> **EXERCISE AIM**
The reply should repeat all of the data word for word, with no pictures.
::: DATA SECTION :::
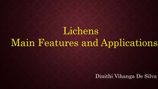 Lichens are symbiotic organisms formed by a fungus and a photosynthetic partner, typically algae or cyanobacteria, allowing them to thrive in various environments. They have several applications, including being used in perfumes, as natural dyes, in medicine for their antimicrobial properties, and as indicators of air quality. The document highlights the structure, types, features, and extensive uses of lichens as well as their historical significance in human food and culture.
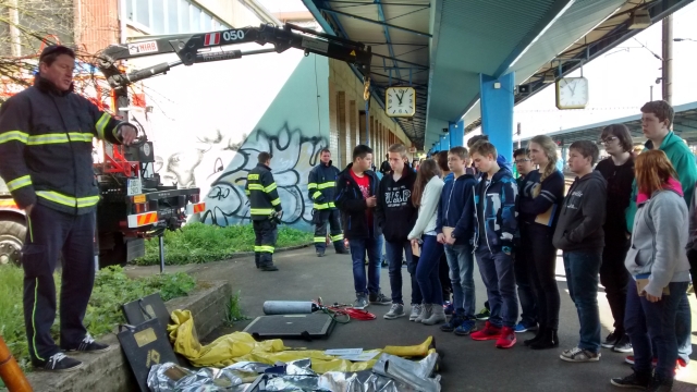 Dne 29.04.2015 se žáci VIII.A zúčastnili společného projektu Českých drah, Správy železniční dopravní cesty, Drážní inspekce, BESIPu Ministerstva dopravy, Policie ČR a ČD Cargo, jehož cílem je seznamovat veřejnost, zejména z řad žáků a studentů základních a středních škol, s hlavními riziky nesprávného chování na železnici. Speciální vlaková souprava na chebském nádraží tentokrát nepřepravovala žádné cestující ani náklad, ale přivezla informace, které mohou zachránit zdraví i život. Žáci nejprve zhlédli filmy s bezpečnostní tematikou v prvním vagónu, který slouží jako speciální kinovůz. Poté následovala přednáška zkušených drážních hasičů s praktickými ukázkami, do kterých se ochotně zapojili někteří žáci. V dalším konferenčním voze proběhla přednáška odborníků, drážního inspektora a policisty, kteří se nehodami na železnici zabývají. Poslání tohoto projektu, tedy varovat děti i dospělé před nebezpečím na železnici, bylo jistě naplněno.
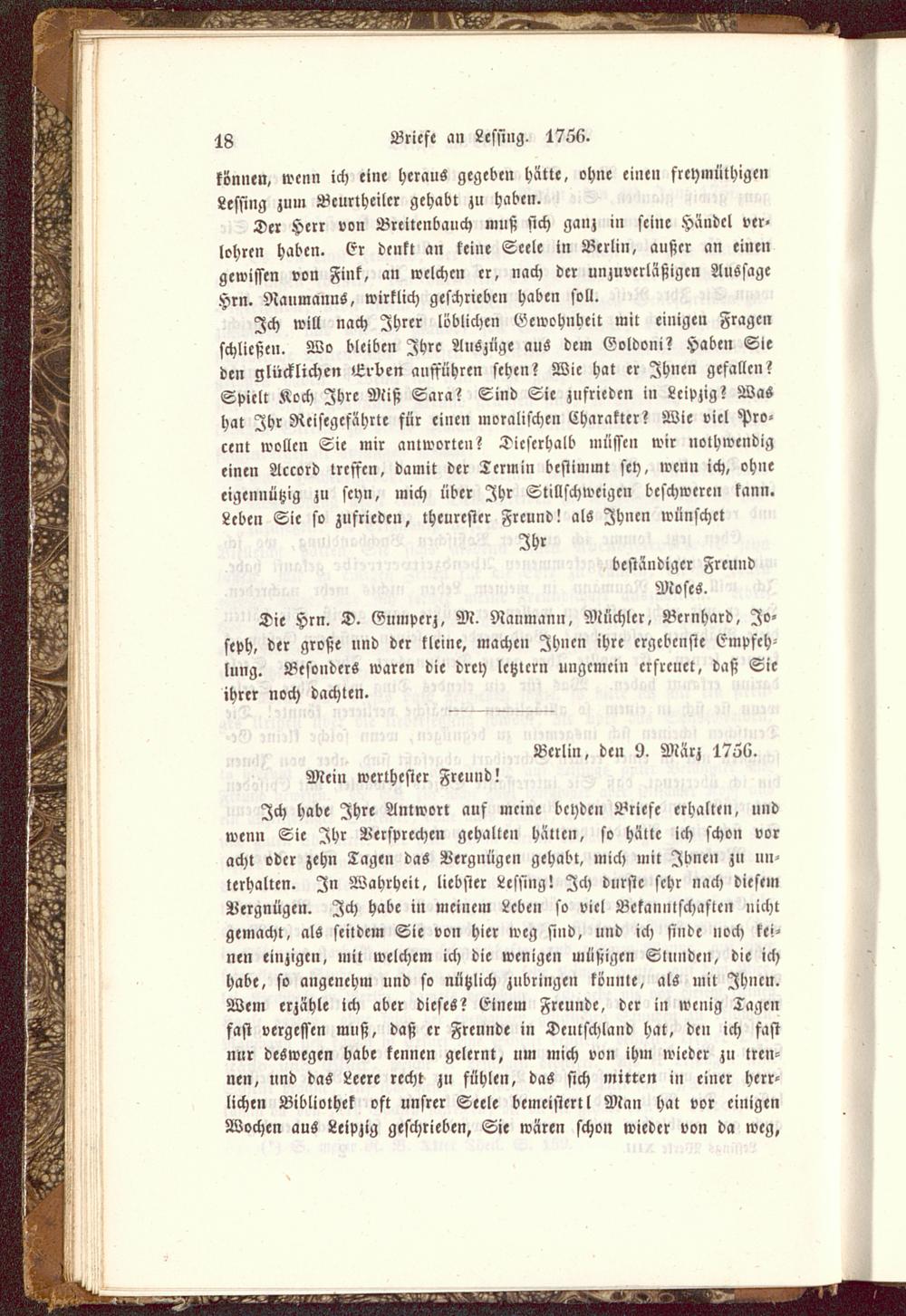 Ich habe Ihre Antwort auf meine beyde» Briefe erhalte», undwenn Sie Ihr Versprechen gehalten hätte», so hätte ich schon voracht oder zehn Tagen das Vergnügen gehabt, mich mit Ihnen zu un-terhalten. In Wahrheit, liebster Lessiug! Ich durste sehr nach diesemVergnügen. Ich habe in meinem Leben so viel Bekanntschaften nichtgemacht, als seitdem Sie von hier weg sind, und ich finde »och kei-nen einzigen, mit welchem ich die wenigen müßigen Stunde», die ichhabe, so angenehm und so nützlich zubringen könnte, als mit Ihnen.Wem erzähle ich aber dieses? Einem Freunde, der in wenig Tagenfast vergessen mnß, daß er Freunde i» Deutschland hat, den ich fastnur deswegen habe kennen gelernt, um mich von ihm wieder zu tren-nen, nnd das Leere recht zu fühlen, das sich mitten in einer herr-lichen Bibliothek oft unsrer Seele bemeistcrtl Man hat vor einigenWochen aus Leipzig geschrieben, Sie wären schon wieder von da weg,
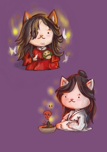 Xie Lan I Hua Cheng w wersji kotkowej, bo uwielbiam i ich i kotki. Rysowane i drukowane z pasją i miłością na Śląsku, a trafić może gdziekolwiek. Na butelkę z wodą, lodówkę, komputer...
:::
> **SOLUTION TO THIS TASK**
 Lichens are symbiotic organisms formed by a fungus and a photosynthetic partner, typically algae or cyanobacteria, allowing them to thrive in various environments. They have several applications, including being used in perfumes, as natural dyes, in medicine for their antimicrobial properties, and as indicators of air quality. The document highlights the structure, types, features, and extensive uses of lichens as well as their historical significance in human food and culture.
 Dne 29.04.2015 se žáci VIII.A zúčastnili společného projektu Českých drah, Správy železniční dopravní cesty, Drážní inspekce, BESIPu Ministerstva dopravy, Policie ČR a ČD Cargo, jehož cílem je seznamovat veřejnost, zejména z řad žáků a studentů základních a středních škol, s hlavními riziky nesprávného chování na železnici. Speciální vlaková souprava na chebském nádraží tentokrát nepřepravovala žádné cestující ani náklad, ale přivezla informace, které mohou zachránit zdraví i život. Žáci nejprve zhlédli filmy s bezpečnostní tematikou v prvním vagónu, který slouží jako speciální kinovůz. Poté následovala přednáška zkušených drážních hasičů s praktickými ukázkami, do kterých se ochotně zapojili někteří žáci. V dalším konferenčním voze proběhla přednáška odborníků, drážního inspektora a policisty, kteří se nehodami na železnici zabývají. Poslání tohoto projektu, tedy varovat děti i dospělé před nebezpečím na železnici, bylo jistě naplněno.
 Ich habe Ihre Antwort auf meine beyde» Briefe erhalte», undwenn Sie Ihr Versprechen gehalten hätte», so hätte ich schon voracht oder zehn Tagen das Vergnügen gehabt, mich mit Ihnen zu un-terhalten. In Wahrheit, liebster Lessiug! Ich durste sehr nach diesemVergnügen. Ich habe in meinem Leben so viel Bekanntschaften nichtgemacht, als seitdem Sie von hier weg sind, und ich finde »och kei-nen einzigen, mit welchem ich die wenigen müßigen Stunde», die ichhabe, so angenehm und so nützlich zubringen könnte, als mit Ihnen.Wem erzähle ich aber dieses? Einem Freunde, der in wenig Tagenfast vergessen mnß, daß er Freunde i» Deutschland hat, den ich fastnur deswegen habe kennen gelernt, um mich von ihm wieder zu tren-nen, nnd das Leere recht zu fühlen, das sich mitten in einer herr-lichen Bibliothek oft unsrer Seele bemeistcrtl Man hat vor einigenWochen aus Leipzig geschrieben, Sie wären schon wieder von da weg,
 Xie Lan I Hua Cheng w wersji kotkowej, bo uwielbiam i ich i kotki. Rysowane i drukowane z pasją i miłością na Śląsku, a trafić może gdziekolwiek. Na butelkę z wodą, lodówkę, komputer...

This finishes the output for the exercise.